By earning $43 million in 12 months, Modern Family's Sofia Vergara has not just topped Forbes' annual list of television's highest-paid actresses for five years running: She also made more in one year than any TV actor ever, male or female.
The latest top 10 list — which also includes Kerry Washington, Mindy Kaling, and Priyanka Chopra — has the most women of color since Forbes started the ranking in 2008.
Notably, top-earning actresses on the tube are more diverse than their silver screen peers this year: Of the 10 best-paid TV actresses, there are twice as many non-white women as on the 2016 list of highest-paid film actresses, which is led by Jennifer Lawrence.
And there's more good news for female TV actresses of color.
This year, the share of black female TV characters ticked up (17%, versus 15% the previous year), and so did those of Latina (5% versus 3%) and Asian (5% versus 4%) characters — while white women now comprise 71% of characters, compared with 77% previously, per a newly released study from San Diego State University.
These shifts stand in contrast to the researcher's analysis of top 2015 films — in which women of color comprised less than a quarter of all female roles.
Here's the full top-paid list, via Forbes:
1. Sofia Vergara, $43 million
2. Kaley Cuoco, $24.5 million
3. Mindy Kaling, $15 million
4. Mariska Hargitay, $14.5 million
5. Ellen Pompeo, $14.5 million
6. Kerry Washington, $13.5 million
7. Stana Katic, $12 million
8. Priyanka Chopra, $11 million
9. Julianna Margulies, $10.5 million
10. Julie Bowen, $10 million
Now, before you celebrate TV's diversity too enthusiastically, there are a few key caveats. For one, more than half of Vergara's big pull this year comes from endorsement and licensing deals — not her role on Modern Family.

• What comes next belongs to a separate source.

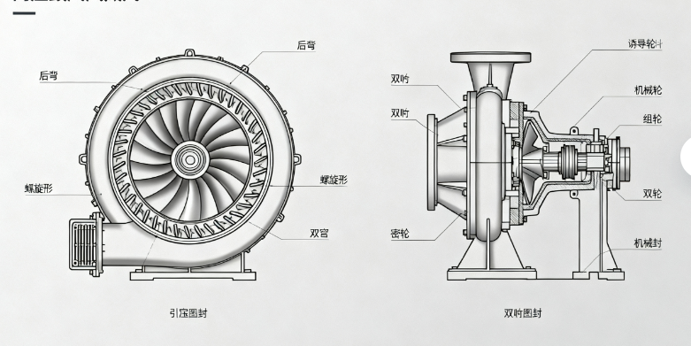 而泵主要用于輸送液體介質(如水、油、化工漿料等),液體密度大、不可壓縮,設計核心在于 “提升液體揚程與減少沿程阻力”。泵的葉輪葉片類型更豐富,根據輸送液體的黏度、含固量可選擇后彎式、徑向式或前彎式葉片 —— 例如輸送清水等低黏度液體常用后彎式葉片(效率高、噪音低),輸送高黏度液體或漿料則可能采用徑向式葉片(抗堵塞、推力小);泵的流道設計更注重 “密封性” 與 “防氣蝕”,葉輪進口處會設置誘導輪或采用雙吸式結構,減少液體進入葉輪時的真空度,避免因氣蝕導致葉輪損壞;機殼同樣為蝸殼形,但流道截面積變化更平緩,且內部會設置耐磨環(與葉輪間隙配合),防止液體泄漏與磨損。
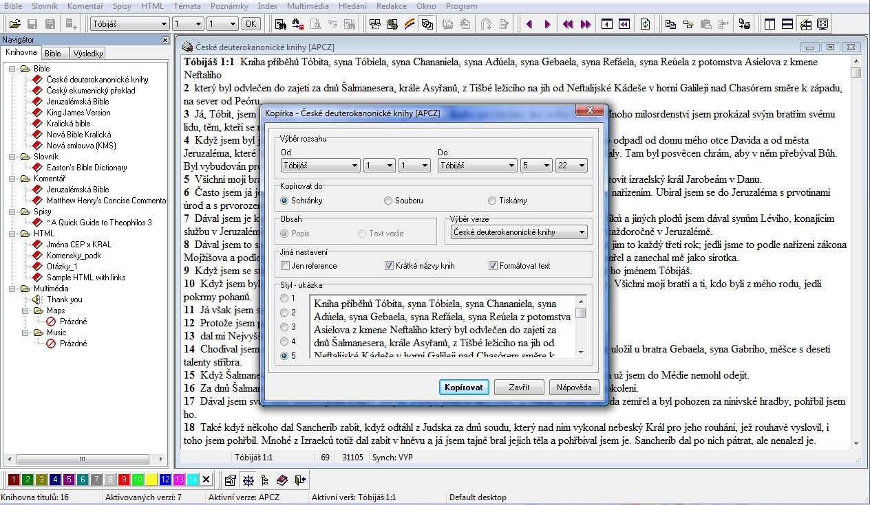 Pro kopírování veršů slouží takzvaná kopírka, tedy nástroj, který vám umožní nastavit, jak má zkopírovaná oblast vypadat. Možností je několik a každý si snad vybere. Zde je jen škoda, že kopírce musíte zadat poslední verš, který chcete kopírovat, ručně, nikoli pouhým označením textu do bloku.

Cuoco, on the other hand, earned most of her moolah from CBS's The Big Bang Theory, for which she receives $1 million per episode.
Also, the same San Diego study above includes some bad news for television actresses of all races: The share of important female TV characters versus their male counterparts — including speaking and lead roles — actually declined this past year. Women are still far less likely than men to be portrayed as leaders and far more likely than men to be cast in stereotypical roles, like caretakers and love interests.
And behind the scenes?
Women fared even worse: 91% of TV shows had no female directors, 78% lacked female editors, 76% lacked female creators and 71% had zero female writers.
That's a reminder that seeing big names like Mindy Project creator Mindy Kaling and Grey's Anatomy creator Shonda Rhimes on various "top" lists is not enough to declare that women of color have conquered TV.
The reality remains that television's female roles — both onscreen and off — are still ripe for upheaval.